## WHAT THE EXERCISE ASKS
From the material below, return exactly the lines starting at the one that holds "Ако поръчката Ви" and ending at the one that holds "В конце первой". Pictures stay out of the answer.

## DATASET EXCERPTS

-=-=-=-=-

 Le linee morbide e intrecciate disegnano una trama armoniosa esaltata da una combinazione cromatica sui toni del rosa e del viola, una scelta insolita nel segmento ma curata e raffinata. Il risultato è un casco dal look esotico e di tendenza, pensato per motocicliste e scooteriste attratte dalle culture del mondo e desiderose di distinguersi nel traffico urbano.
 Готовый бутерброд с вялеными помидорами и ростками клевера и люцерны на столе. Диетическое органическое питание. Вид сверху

-=-=-=-=-

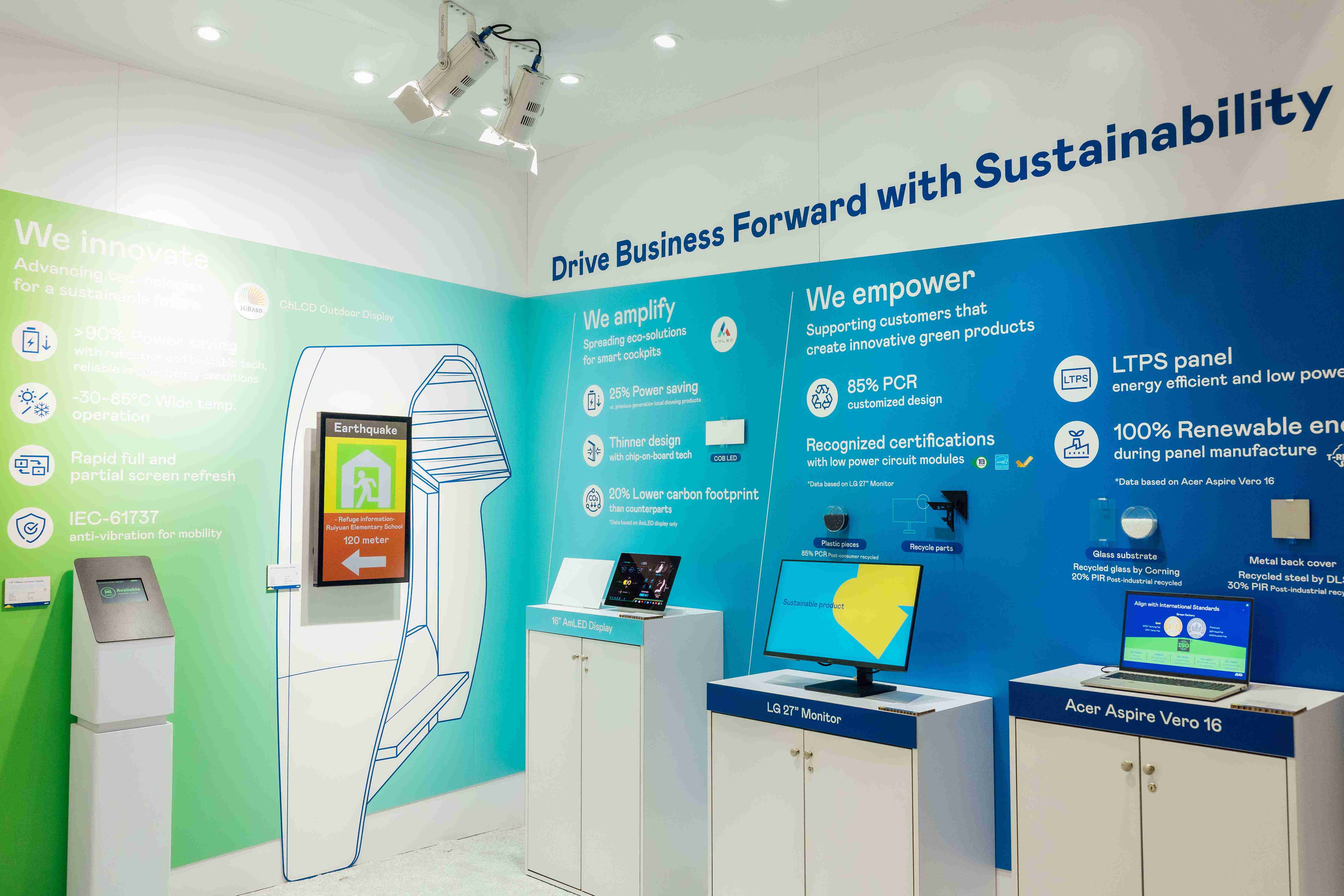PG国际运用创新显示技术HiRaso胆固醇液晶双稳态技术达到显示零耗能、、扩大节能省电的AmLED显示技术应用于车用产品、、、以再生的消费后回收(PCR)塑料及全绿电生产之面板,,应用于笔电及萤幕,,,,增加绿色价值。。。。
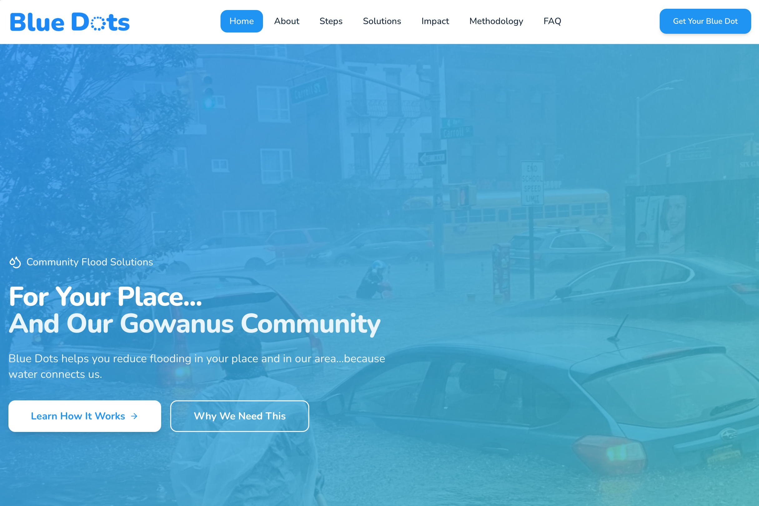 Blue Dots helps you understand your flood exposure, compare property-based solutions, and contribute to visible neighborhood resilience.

-=-=-=-=-

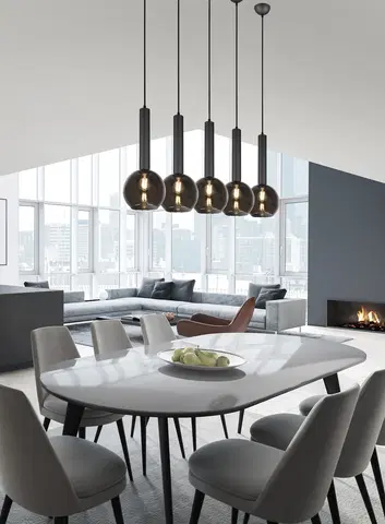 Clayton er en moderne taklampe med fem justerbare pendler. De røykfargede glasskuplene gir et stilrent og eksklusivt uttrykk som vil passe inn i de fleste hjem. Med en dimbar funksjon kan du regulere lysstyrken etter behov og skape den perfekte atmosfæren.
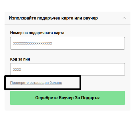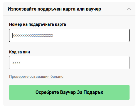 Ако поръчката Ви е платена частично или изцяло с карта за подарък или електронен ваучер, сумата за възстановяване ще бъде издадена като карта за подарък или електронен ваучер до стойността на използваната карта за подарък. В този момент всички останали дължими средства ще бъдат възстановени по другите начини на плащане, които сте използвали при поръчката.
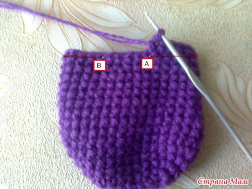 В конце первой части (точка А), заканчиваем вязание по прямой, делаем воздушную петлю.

-=-=-=-=-

## RESULT OF THE TASK
 Ако поръчката Ви е платена частично или изцяло с карта за подарък или електронен ваучер, сумата за възстановяване ще бъде издадена като карта за подарък или електронен ваучер до стойността на използваната карта за подарък. В този момент всички останали дължими средства ще бъдат възстановени по другите начини на плащане, които сте използвали при поръчката.
 В конце первой части (точка А), заканчиваем вязание по прямой, делаем воздушную петлю.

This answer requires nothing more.